Materializers
Control how data is persisted between steps.
A ZenML pipeline is built in a data-centric way. The outputs and inputs of steps define how steps are connected and the order in which they are executed. Each step should be considered as its very own process that reads and writes its inputs and outputs from and to the artifact store. This is where materializers come into play.

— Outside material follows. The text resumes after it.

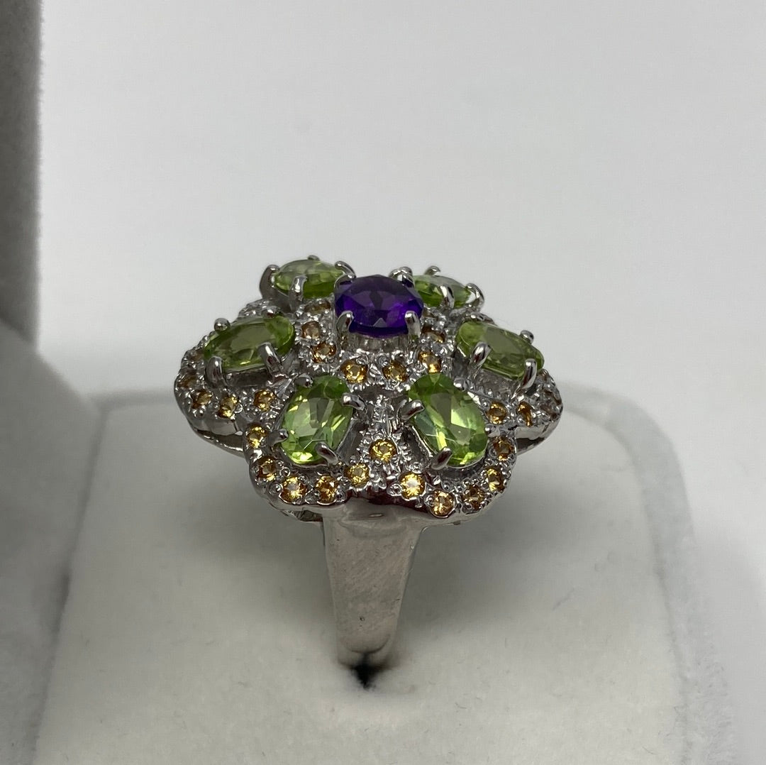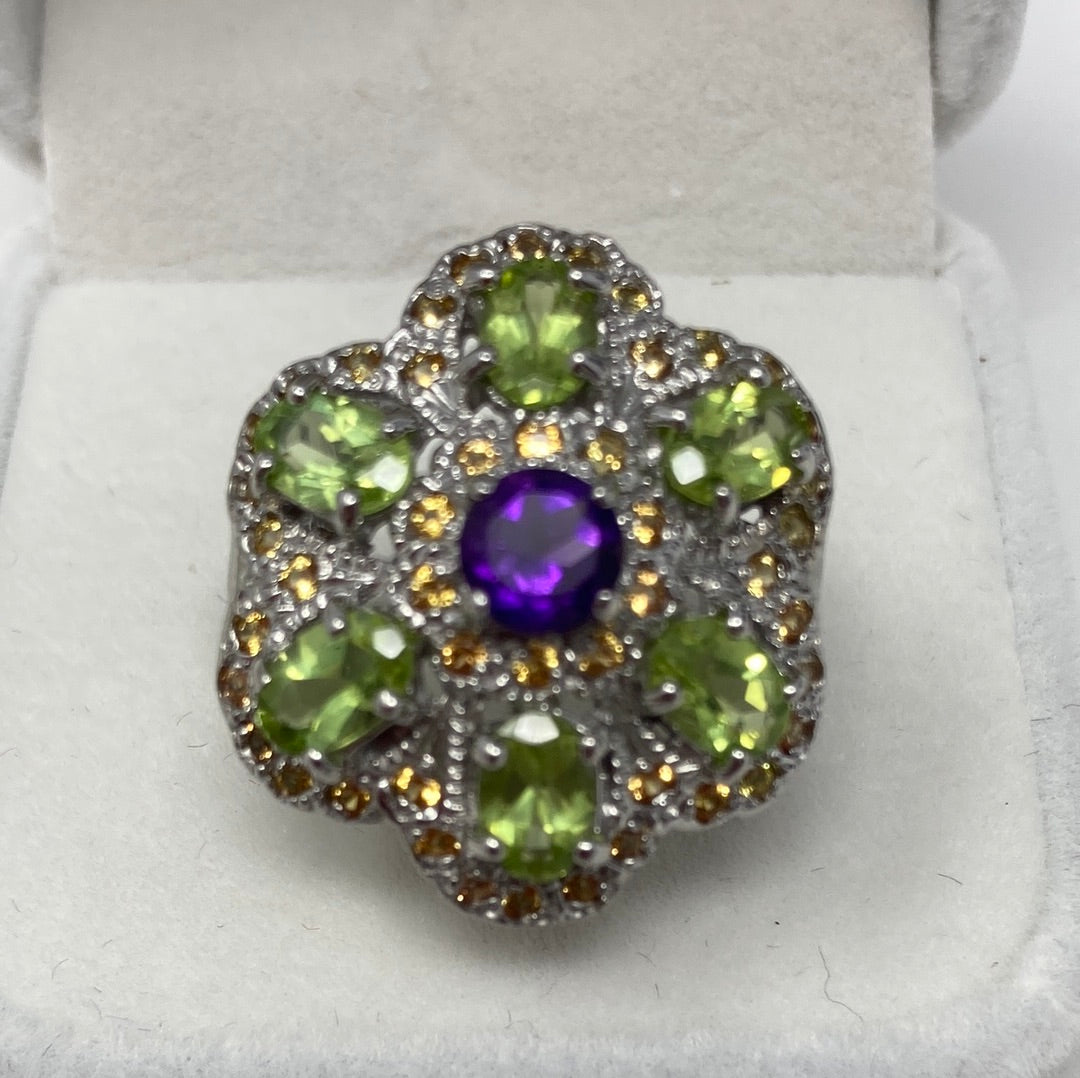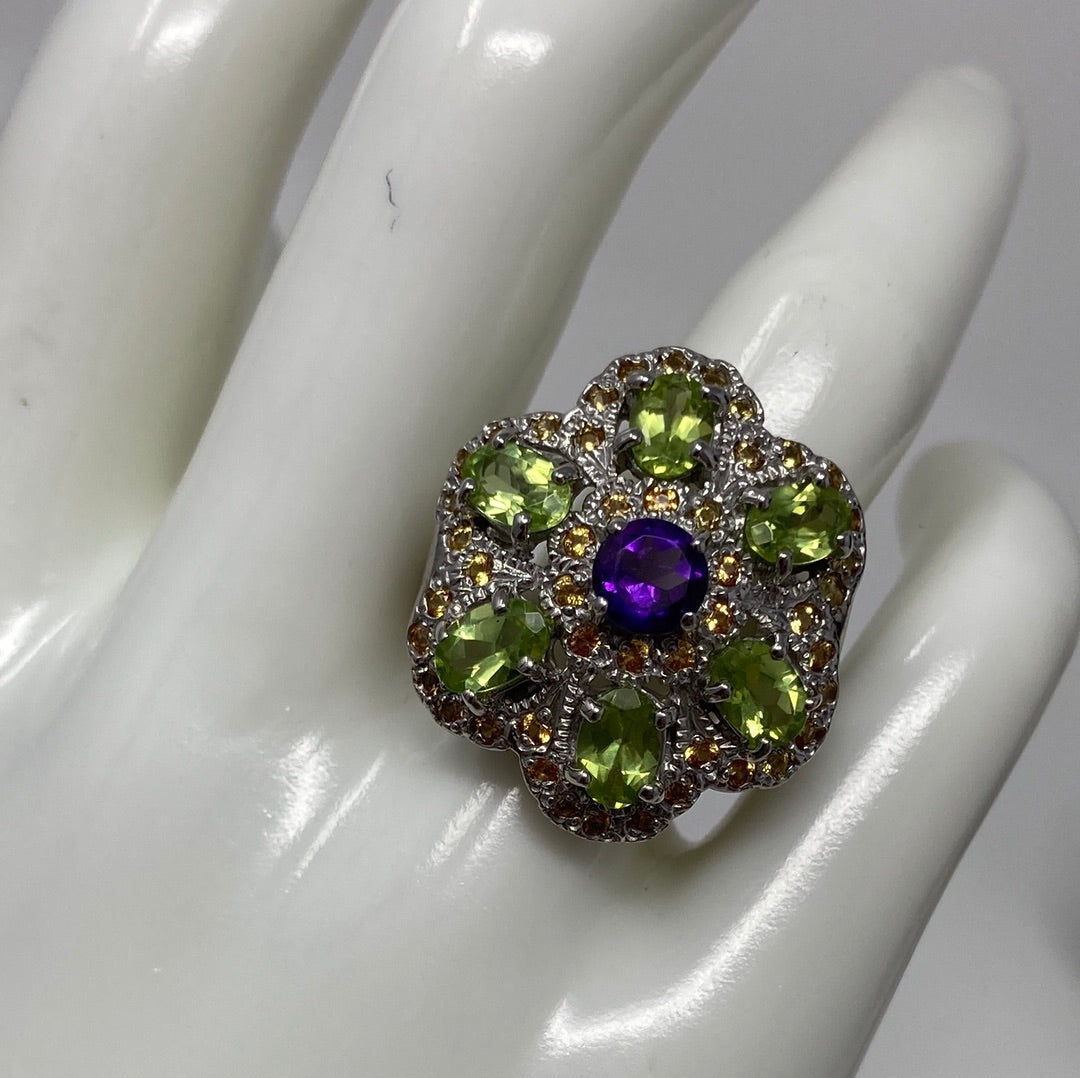 What a beautiful princess style setting this ring features all genuine gemstones. A centerpiece round faceted Amethyst surrounded by Peridot and genuine yellow Sapphires. This ring is like a beautifully composed symphony of gems. A one of a kind, custom made treasure. Set in .925 Sterling silver. Always invest in genuine gemstones. Size 9, Resize at your jeweler or use a ring guard
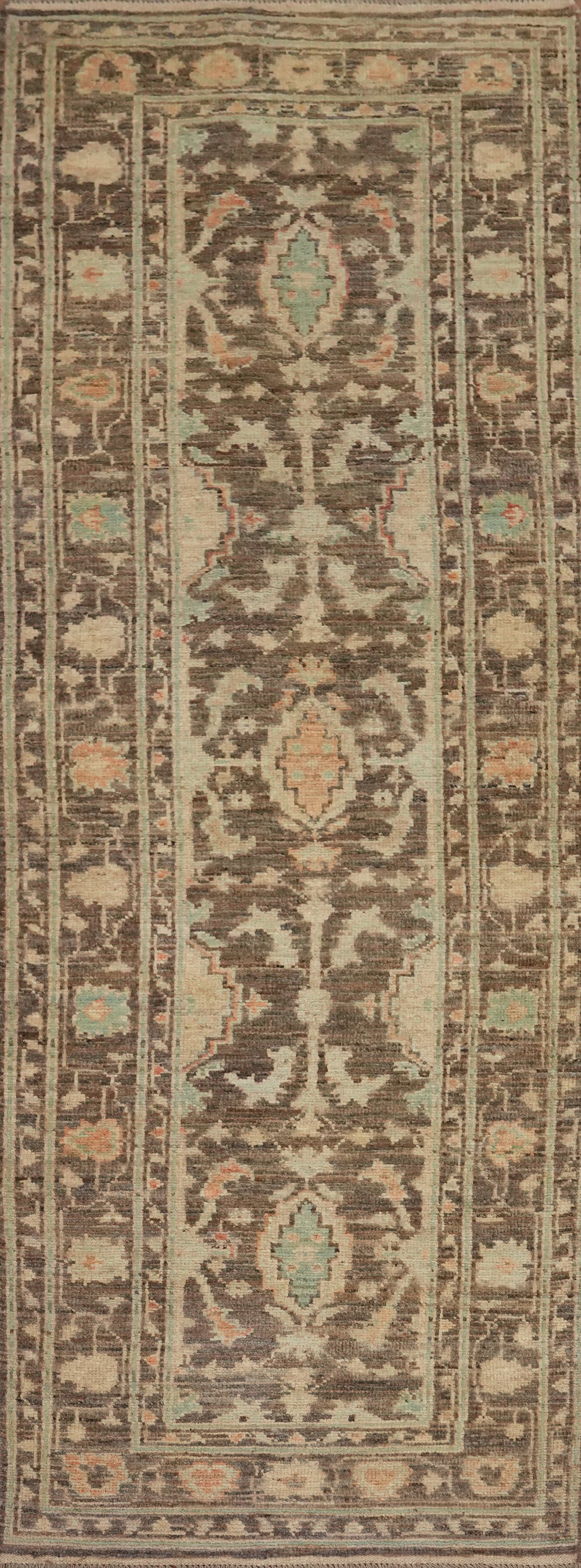 Vegetable Dye Brown Oushak Turkish Runner Rug 3x10

Materializers: Serializing and deserializing your artifacts

A materializer dictates how a given artifact can be written to and retrieved from the artifact store. It contains all serialization and deserialization logic.

What is a materializer?

from typing import Type, Any
from zenml.materializers.base_materializer import BaseMaterializerMeta
class BaseMaterializer(metaclass=BaseMaterializerMeta):
"""Base Materializer to realize artifact data."""
ASSOCIATED_ARTIFACT_TYPES = ()
ASSOCIATED_TYPES = ()
def __init__(self, artifact: "BaseArtifact"):
"""Initializes a materializer with the given artifact."""
self.artifact = artifact
def handle_input(self, data_type: Type[Any]) -> Any:
"""Write logic here to handle input of the step function.
Args:
data_type: What type the input should be materialized as.
Returns:
Any object that is to be passed into the relevant artifact in the
step.
"""
# read from self.artifact.uri
...
def handle_return(self, data: Any) -> None:
"""Write logic here to handle return of the step function.
Args:
data: Any object that is specified as an input artifact of the step.
"""
# write `data` to self.artifact.uri
...
Above you can see the basic definition of the BaseMaterializer. All other materializers inherit from this class, and this class defines the interface of all materializers.
Each materializer has an artifact object. The most important property of an artifact object is the uri. The uri is created by ZenML at pipeline run time and points to the directory of a file system (the artifact store).
The handle_input and handle_return functions are important.
  • handle_input is responsible for reading the artifact from the artifact store.
  • handle_return is responsible for writing the artifact to the artifact store.
Each materializer has ASSOCIATED_TYPES and ASSOCIATED_ARTIFACT_TYPES.
  • ASSOCIATED_TYPES is the data type that is being stored. ZenML uses this information to call the right materializer at the right time. i.e. If a ZenML step returns a pd.DataFrame, ZenML will try to find any materializer that has pd.DataFrame (or its subclasses) in its ASSOCIATED_TYPES.
  • ASSOCIATED_ARTIFACT_TYPES simply define what type of artifacts are being stored. This can be DataArtifact, StatisticsArtifact, DriftArtifact, etc. This is simply a tag to query certain artifact types in the post-execution workflow.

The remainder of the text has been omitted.